**What to do:**
Reprint the lines below as they are, minus the pictures.

**Collected data:**
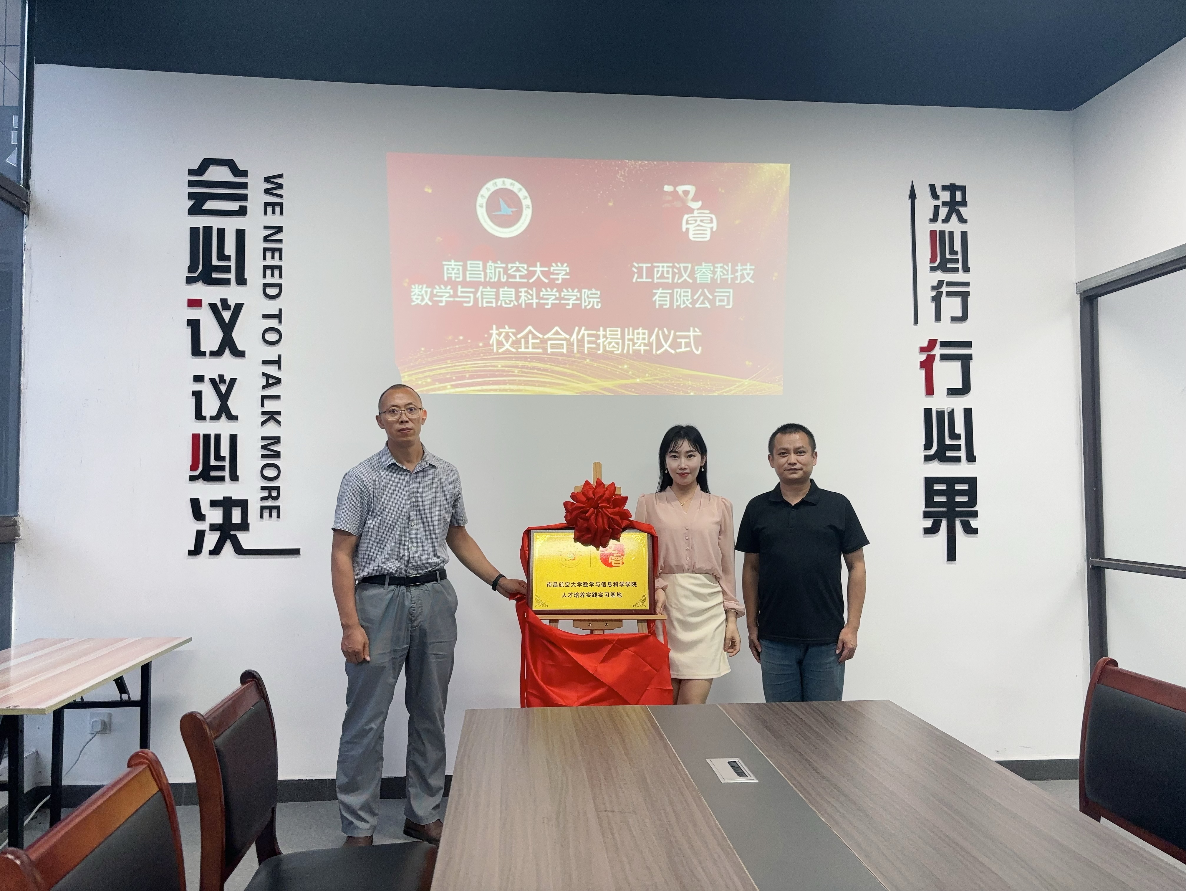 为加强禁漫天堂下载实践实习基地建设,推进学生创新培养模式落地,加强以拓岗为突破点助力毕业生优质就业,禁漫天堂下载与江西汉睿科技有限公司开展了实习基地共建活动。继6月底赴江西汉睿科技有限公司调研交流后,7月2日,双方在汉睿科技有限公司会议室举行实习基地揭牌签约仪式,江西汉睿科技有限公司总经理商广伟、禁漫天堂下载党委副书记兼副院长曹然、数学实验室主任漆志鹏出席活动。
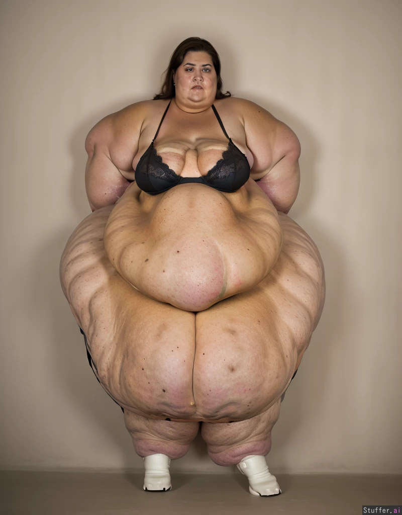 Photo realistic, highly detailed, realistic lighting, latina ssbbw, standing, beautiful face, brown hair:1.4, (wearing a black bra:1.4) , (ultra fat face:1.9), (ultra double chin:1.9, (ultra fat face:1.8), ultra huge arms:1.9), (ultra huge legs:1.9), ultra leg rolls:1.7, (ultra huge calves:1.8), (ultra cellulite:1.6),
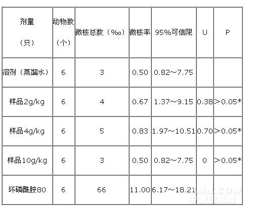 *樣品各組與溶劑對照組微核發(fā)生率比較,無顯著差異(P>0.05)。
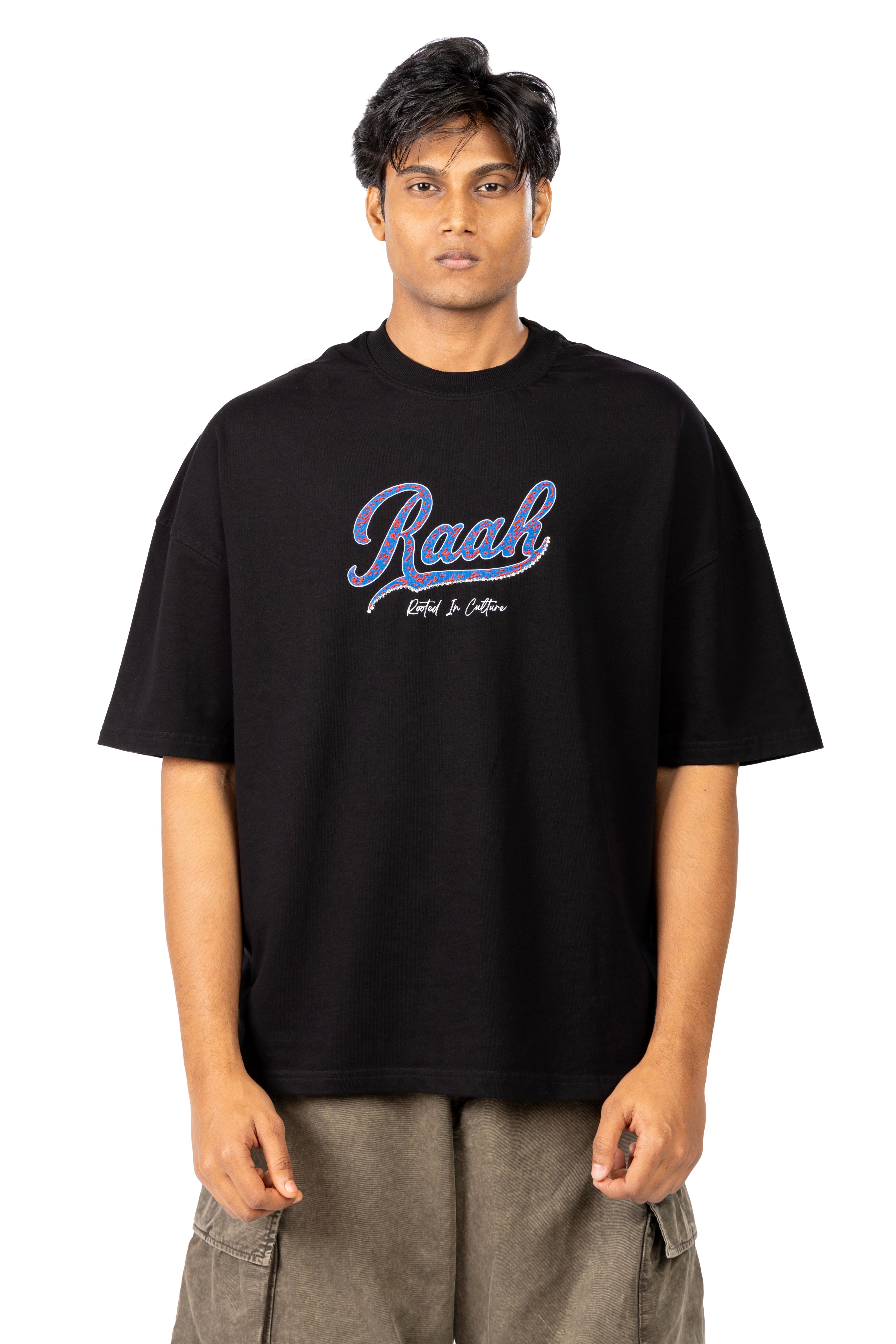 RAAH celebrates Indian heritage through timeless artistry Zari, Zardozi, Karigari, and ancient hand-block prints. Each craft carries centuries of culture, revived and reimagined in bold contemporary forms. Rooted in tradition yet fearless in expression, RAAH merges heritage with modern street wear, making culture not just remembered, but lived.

**Result:**
 为加强禁漫天堂下载实践实习基地建设,推进学生创新培养模式落地,加强以拓岗为突破点助力毕业生优质就业,禁漫天堂下载与江西汉睿科技有限公司开展了实习基地共建活动。继6月底赴江西汉睿科技有限公司调研交流后,7月2日,双方在汉睿科技有限公司会议室举行实习基地揭牌签约仪式,江西汉睿科技有限公司总经理商广伟、禁漫天堂下载党委副书记兼副院长曹然、数学实验室主任漆志鹏出席活动。
 Photo realistic, highly detailed, realistic lighting, latina ssbbw, standing, beautiful face, brown hair:1.4, (wearing a black bra:1.4) , (ultra fat face:1.9), (ultra double chin:1.9, (ultra fat face:1.8), ultra huge arms:1.9), (ultra huge legs:1.9), ultra leg rolls:1.7, (ultra huge calves:1.8), (ultra cellulite:1.6),
 *樣品各組與溶劑對照組微核發(fā)生率比較,無顯著差異(P>0.05)。
 RAAH celebrates Indian heritage through timeless artistry Zari, Zardozi, Karigari, and ancient hand-block prints. Each craft carries centuries of culture, revived and reimagined in bold contemporary forms. Rooted in tradition yet fearless in expression, RAAH merges heritage with modern street wear, making culture not just remembered, but lived.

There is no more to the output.